Meta has fine-tuned the Llama 3 models themselves using synthetic data. And OpenAI is said to be sourcing synthetic training data from o1 for its next-generation model, code-named Orion.

But embracing a synthetic-data-first approach comes with risks. As a researcher recently pointed out to me, the models used to generate synthetic data unavoidably hallucinate (i.e., make things up) and contain biases and limitations. These flaws manifest in the models’ generated data.

Using synthetic data safely, then, requires thoroughly curating and filtering it — as is the standard practice with human-generated data. Failing to do so could lead to model collapse, where a model becomes less “creative” — and more biased — in its outputs, eventually seriously compromising its functionality.

This isn’t an easy task at scale. But with real-world training data becoming more costly (not to mention challenging to obtain), AI vendors may see synthetic data as the sole viable path forward. Let’s hope they exercise caution in adopting it.

News

Ads in AI Overviews: Google says it’ll soon begin to show ads in AI Overviews, the AI-generated summaries it supplies for certain Google Search queries.

Google Lens, now with video: Lens, Google’s visual search app, has been upgraded with the ability to answer near-real-time questions about your surroundings. You can capture a video via Lens and ask questions about objects of interest in the video. (Ads probably coming for this too.)

From Sora to DeepMind: Tim Brooks, one of the leads on OpenAI’s video generator, Sora, has left for rival Google DeepMind. Brooks announced in a post on X that he’ll be working on video generation technologies and “world simulators.”

Fluxing it up: Black Forest Labs, the Andreessen Horowitz-backed startup behind the image generation component of xAI’s Grok assistant, has launched an API in beta — and released a new model.

Not so transparent: California’s recently passed AB-2013 bill requires companies developing generative AI systems to publish a high-level summary of the data that they used to train their systems. So far, few companies are willing to say whether they’ll comply. The law gives them until January 2026.

Research paper of the week

Apple researchers have been hard at work on computational photography for years, and an important aspect of that process is depth mapping. Originally this was done with stereoscopy or a dedicated depth sensor like a lidar unit, but those tend to be expensive, complex, and take up valuable internal real estate. Doing it strictly in software is preferable in many ways. That’s what this paper, Depth Pro, is all about.

Aleksei Bochkovskii et al. share a method for zero-shot monocular depth estimation with high detail, meaning it uses a single camera, doesn’t need to be trained on specific things (like it works on a camel despite never seeing one), and catches even difficult aspects like tufts of hair.
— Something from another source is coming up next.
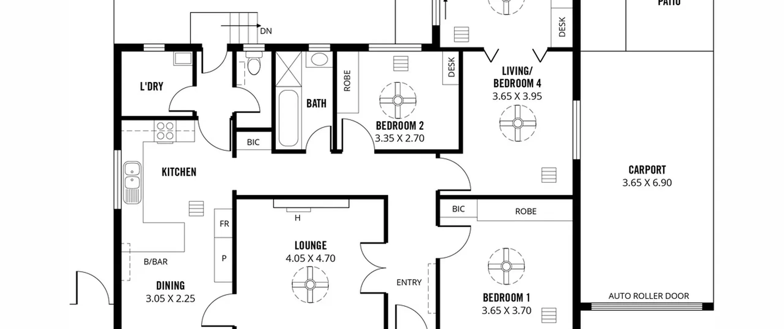 - 3 good sized bedrooms, all complete with built-in robes and ceiling fans
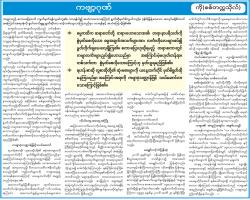Feature သတင်းဆောင်းပါးများ ကိုဗစ်-၁၉ ရောဂါကာလအတွင်း နိုင်ငံတော်၏ လူမှုကာကွယ်စောင့်ရှောက်ရေးလုပ်ငန်းများတွင် အားဖြည့် ဆောင်ရွက်ပေးလျက်ရှိသည့် လူမှုဖူလုံရေးလုပ်ငန်းများအကြောင်း တစေ့တစောင်း သတင်း ဆောင်းပါးများ 22/09/21 စာဖတ်ခြင်းအလေ့အထ သတင်း ဆောင်းပါးများ 21/09/21 မြန်မာပြည်ကို ချစ်သည့်သူမှန်သမျှ အမိနိုင်ငံကို ကူညီစောင့်ရှောက်ကြ သတင်း ဆောင်းပါးများ 21/09/21 ရေနံ့သာ ခင်ခင်ကြီး သတင်း ဆောင်းပါးများ 21/09/21 ကပ်ရောဂါကြားမှတိုကျို အိုလံပစ်အားကစားပြိုင်ပွဲအပြီး အနာဂတ်အားကစားပြိုင်ပွဲများအပေါ် သဘောထားကွဲလွဲမှုများဖြစ် သတင်း ဆောင်းပါးများ 21/09/21 ကဗျာ့ဂုဏ် သတင်း ဆောင်းပါးများ 21/09/21 "အိမ်မာနေချင်တာပေါ့ အဖေ" သတင်း ဆောင်းပါးများ 21/09/21 လမ်းတံတားများဖြင့် ဖွံ့ဖြိုးတိုးတက်နေသည့် တတိယမြို့တော် မန္တလေး သတင်း ဆောင်းပါးများ 21/09/21 တိုးတက်လိုသူများ သတင်း ဆောင်းပါးများ 21/09/21 ကြီးမားသောစွမ်းဆောင်ချက် သတင်း ဆောင်းပါးများ 21/09/21 Pagination First page « First Previous page ‹ Previous … စာမျက်နှာ 355 စာမျက်နှာ 356 လက်ရှိစာမျက်နှာ 357 စာမျက်နှာ 358 စာမျက်နှာ 359 … Next page Next › Last page Last » အဖတ်များဆုံး သတင်း စက်မှု၊ စိုက်ပျိုး၊ မွေးမြူရေးတက္ကသိုလ်၀င်စာမေးပွဲ စာစစ်ဌာနကြီးကြပ်ရေးမှူးများ၊ တွဲဖက်ကြီးကြပ်ရေးမှူးများ၊ လက်ထောက်ကြီးကြပ်ရေးမှူးများနှင့် စာဖြေသူများလိုက်နာရန် စည်းကမ်းချက်များဆိုင်ရာ ဆွေးနွေးပွဲနှင့် သင်တန်းဖွင့်ပွဲ ကျင်းပ ပြည်တွင်း 18/Jan/2026 နိုင်ငံ့အကျိုးပြု အင်ဂျင်နီယာလူငယ်ကောင်းများ စံနှုန်းများနှင့်အညီ ပျိုးထောင်ဆောင်ရွက် ပြည်တွင်း 18/Jan/2026 အမျိုးသားလွှတ်တော်ကိုယ်စားလှယ်အဖြစ် ရွေးကောက်တင်မြှောက်ခံရသူများအမည်စာရင်း ကြေညာ ပြည်တွင်း 18/Jan/2026 မြန်မာနိုင်ငံ၏ အမှန်တရားနှင့်တရားမျှတမှုအတွက် ရင်ဆိုင်ဖြေရှင်းနေသော မြန်မာကိုယ်စားလှယ်အဖွဲ့နှင့် တစ်သားတည်းရပ်တည်လျက်ရှိကြောင်း ဘာသာပေါင်းစုံချစ်ကြည်ညီညွတ်ရေးအဖွဲ့(ဗဟို)၏ သဘောထားထုတ်ပြန်ချက် ပြည်တွင်း 18/Jan/2026 ဘင်္ဂါလီဆိုတဲ့ ရိုဟင်ဂျာအသံလွှင့်အစီအစဉ်က တိုင်းရင်းသားမဟုတ်တဲ့အတွက်ကြောင့် အဲဒီအချိန်ကတည်းကိုက နယ်ခြားဒေသလူမျိုးစုအစီအစဉ်ဆိုပြီး ထည့်သွင်းထားတာကို ၁၉၆၁ ခုနှစ် နေ့စဉ်ထုတ်သတင်းစာတွေမှာ လေ့လာတွေ့ရှိခဲ့ရပါတယ် တွေ့ဆုံ မေးမြန်းခန်း 18/Jan/2026

It’s almost certainly in use on iPhones right now (though probably an improved, custom-built version), but you can give it a go if you want to do a little depth estimation of your own by using the code at this GitHub page.

Model of the week

Google has released a new model in its Gemini family, Gemini 1.5 Flash-8B, that it claims is among its most performant.

A “distilled” version of Gemini 1.5 Flash, which was already optimized for speed and efficiency, Gemini 1.5 Flash-8B costs 50% less to use, has lower latency, and comes with 2x higher rate limits in AI Studio, Google’s AI-focused developer environment.

“Flash-8B nearly matches the performance of the 1.5 Flash model launched in May across many benchmarks,” Google writes in a blog post. “Our models [continue] to be informed by developer feedback and our own testing of what is possible.”

Gemini 1.5 Flash-8B is well-suited for chat, transcription, and translation, Google says, or any other task that’s “simple” and “high-volume.” In addition to AI Studio, the model is also available for free through Google’s Gemini API, rate-limited at 4,000 requests per minute.

Grab bag

Speaking of cheap AI, Anthropic has released a new feature, Message Batches API, that lets devs process large amounts of AI model queries asynchronously for less money.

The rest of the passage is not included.